For moderate corrosion applications, such as standard PVC, POM, and general flame‑retardant materials, quenched S136, 1.2083, or STAVAX are widely used. These are martensitic stainless steels with high purity, excellent corrosion resistance, and the ability to achieve high mirror finishes. After heat treatment to HRC 48–52, they provide good durability and surface quality.

For severe corrosion environments, including highly concentrated PVC, strong flame retardants, and high halogen content, high‑purity stainless steels such as quenched 1.2316 or super‑clean S136 are recommended. These materials have high chromium content, low inclusions, and strong resistance to pitting and acid corrosion. They maintain stability even under long‑term exposure to corrosive gases.

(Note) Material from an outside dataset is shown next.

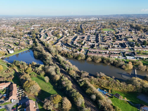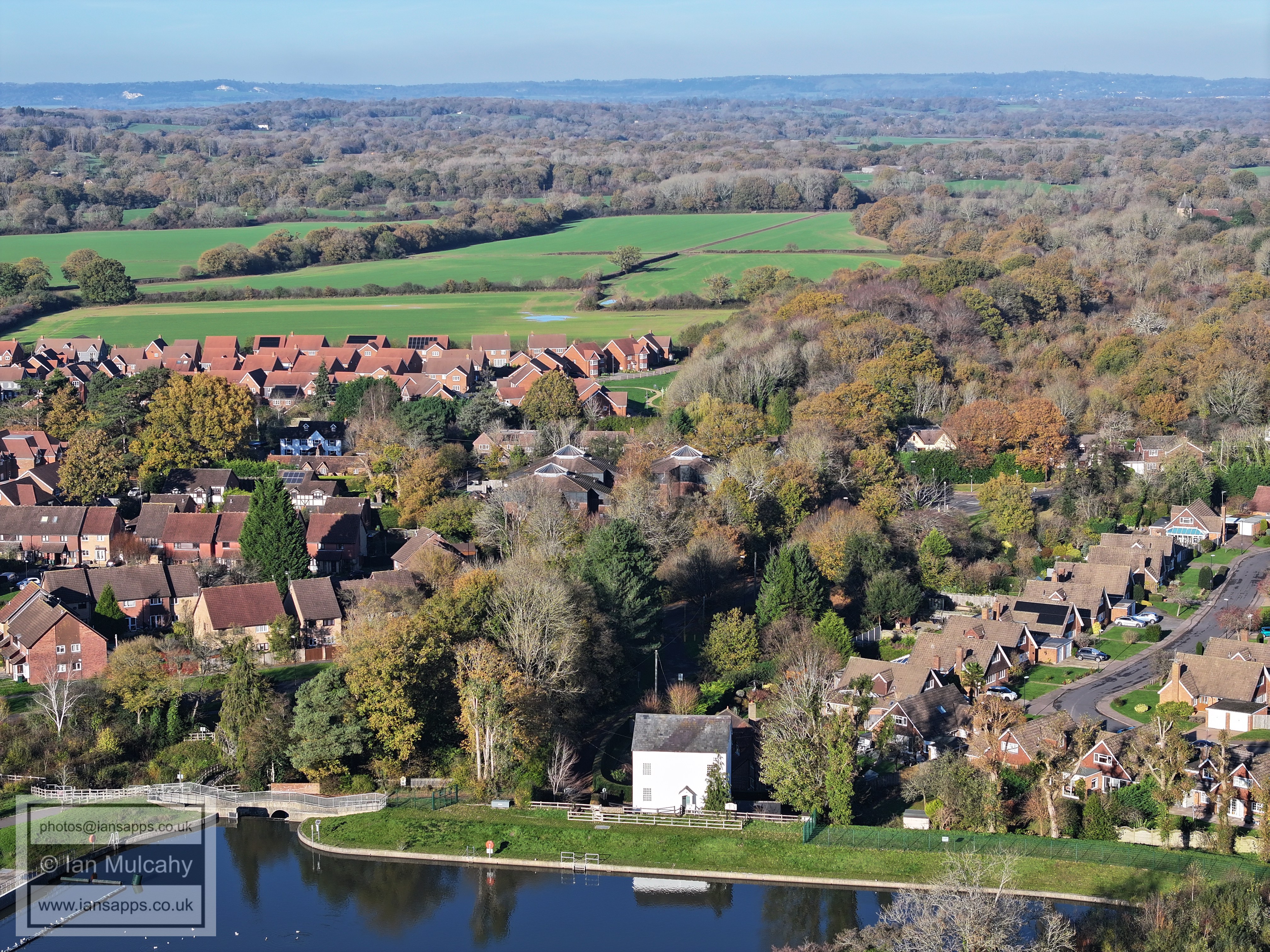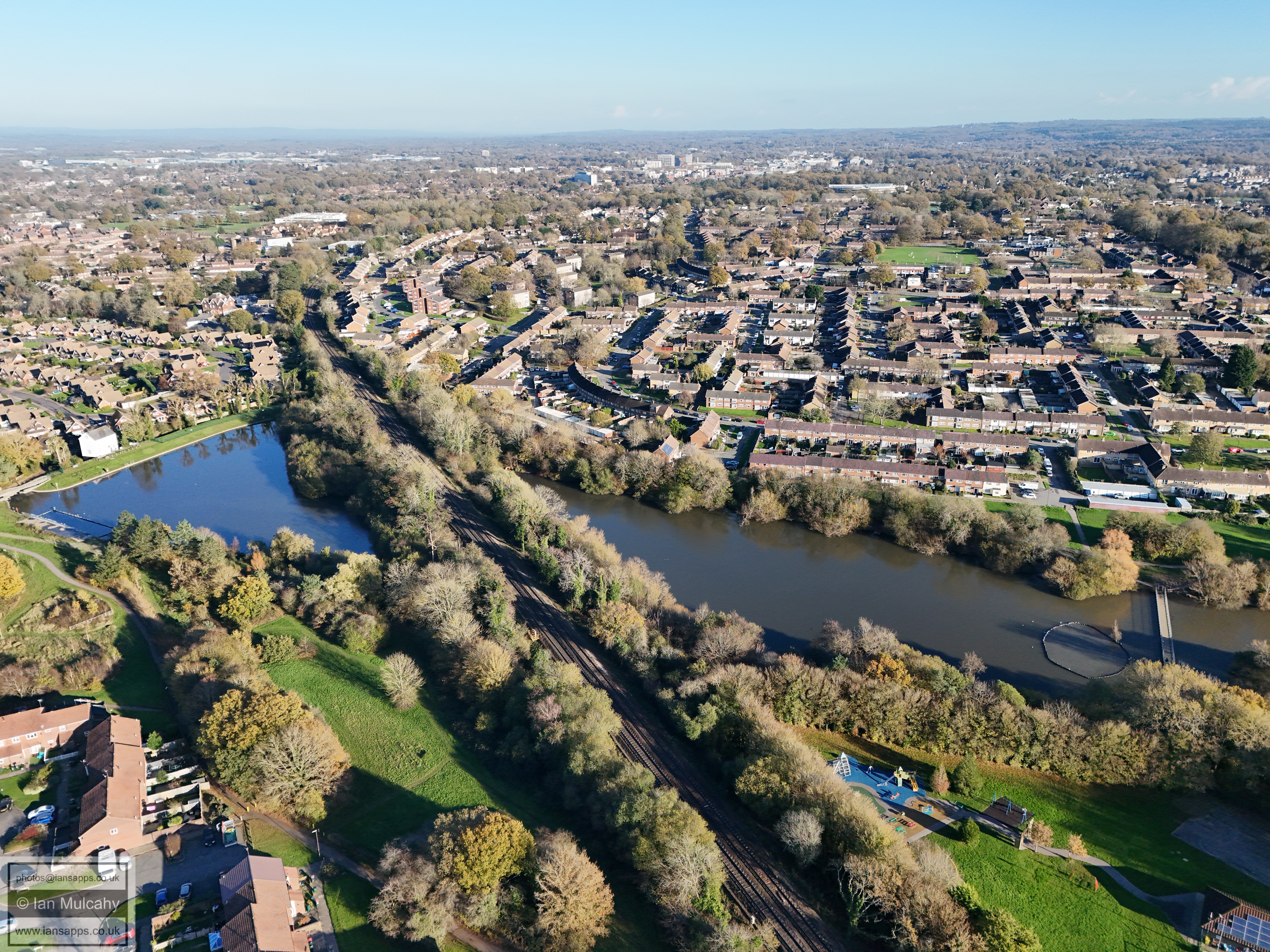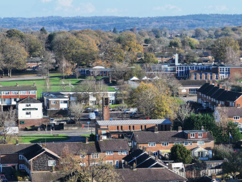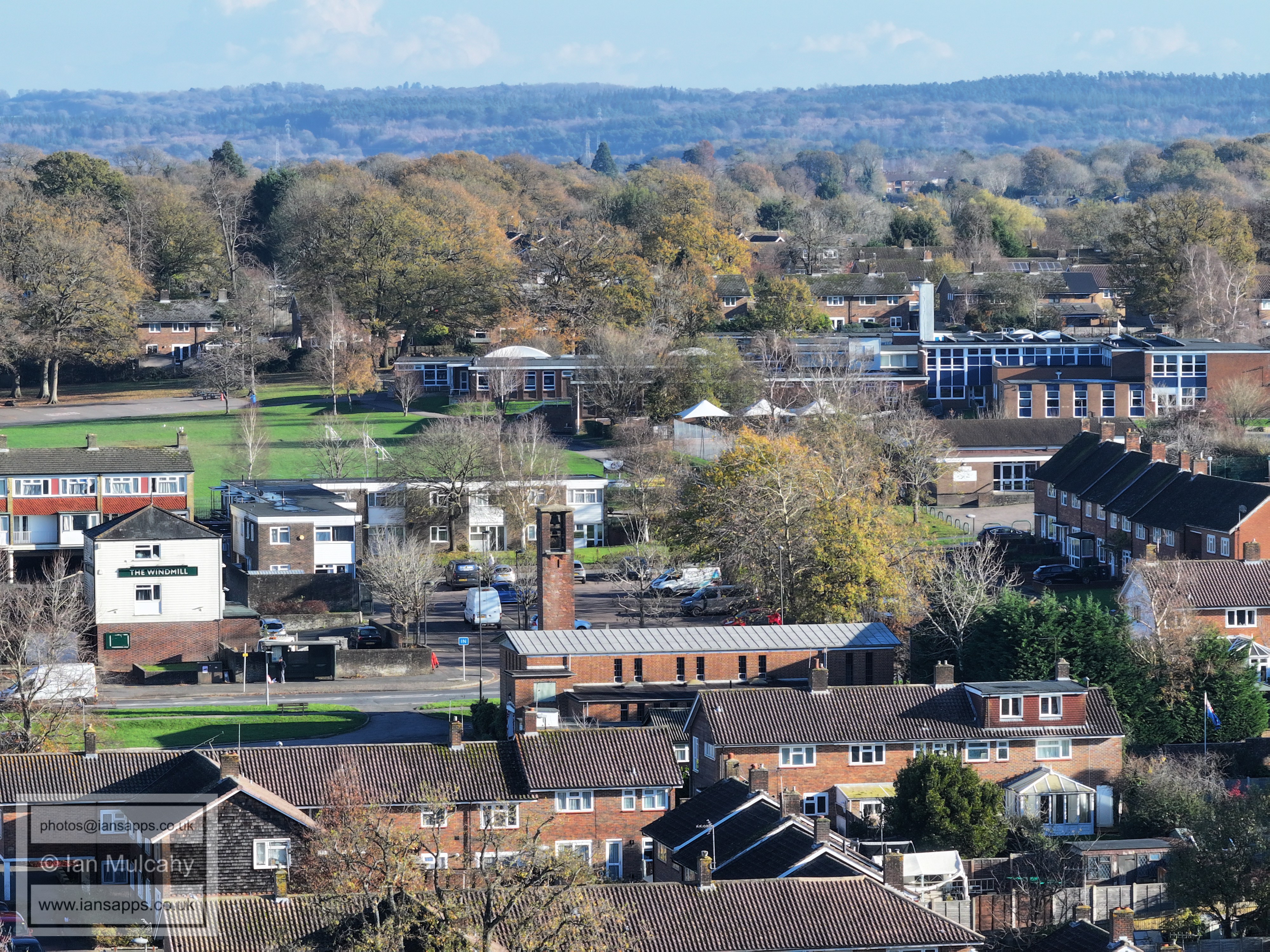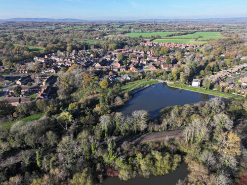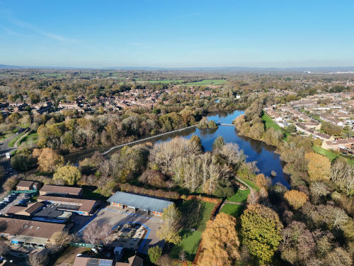 A small set of 25 aerial images of varying focal length taken in the Millpond area on 21 November 2025. Photos are from the path leading to the pond from Lea Close in Gossops Green, the path beside the Dowster Brook behind Hawksmoor Road in Bewbush and in Hanbury Road in Ifield West. I have annotated some of the photos.

Combined Corrosion and Wear Requirements

When materials are both corrosive and abrasive, such as fiberglass‑reinforced flame‑retardant nylon, the mold must resist both chemical attack and mechanical wear. In such cases, high‑hardness corrosion‑resistant stainless steels are used. These grades are designed to balance chromium content for corrosion resistance and sufficient carbon and alloys for hardness and wear resistance. Typical hardness ranges from HRC 50–54. These materials are more expensive but necessary for dual harsh conditions.

Key Selection Indicators

The most important factors are corrosion resistance, polishing performance, hardness, wear resistance, dimensional stability, and cost. Corrosion resistance mainly depends on chromium content and material purity. Steels with high Cr and low sulfur and inclusions provide better protection. Polishing performance is critical for appearance parts and requires uniform, clean microstructure. Hardness must match production volume and material abrasiveness. Dimensional stability is especially important for precision molds, as stainless steels can be sensitive to heat treatment. Cost must be balanced with performance to avoid over‑specification.

Practical On‑Site Selection Procedure

First, identify the corrosiveness of the plastic material. Second, confirm appearance requirements, including transparency and surface finish. Third, evaluate production volume and whether fiberglass is added. Fourth, consider environmental humidity and storage conditions. Finally, select the appropriate grade: pre‑hardened stainless for mild corrosion, quenched stainless for moderate corrosion, super‑pure stainless for severe corrosion, and high‑hardness grades for combined corrosion and wear.

Common Mistakes to Avoid

Using standard P20 or 718H for corrosive materials will lead to rapid rust and pitting. Low‑purity stainless steels may fail to achieve good mirror finishes or show inconsistent corrosion resistance. Focusing only on hardness while ignoring purity will still result in corrosion. Improper heat treatment significantly reduces both corrosion resistance and service life. Regular maintenance, including cleaning and anti‑rust treatment, is also necessary to maximize mold life.

Summary

Corrosion‑resistant mold steel selection is based on material corrosiveness, appearance, production volume, and environment. S136H is suitable for mild corrosion, S136 for general corrosive and mirror applications, high‑purity 1.2316 for severe corrosion, and high‑hardness grades for combined wear and corrosion. Correct selection prevents mold damage, ensures stable product quality, and reduces long‑term production costs.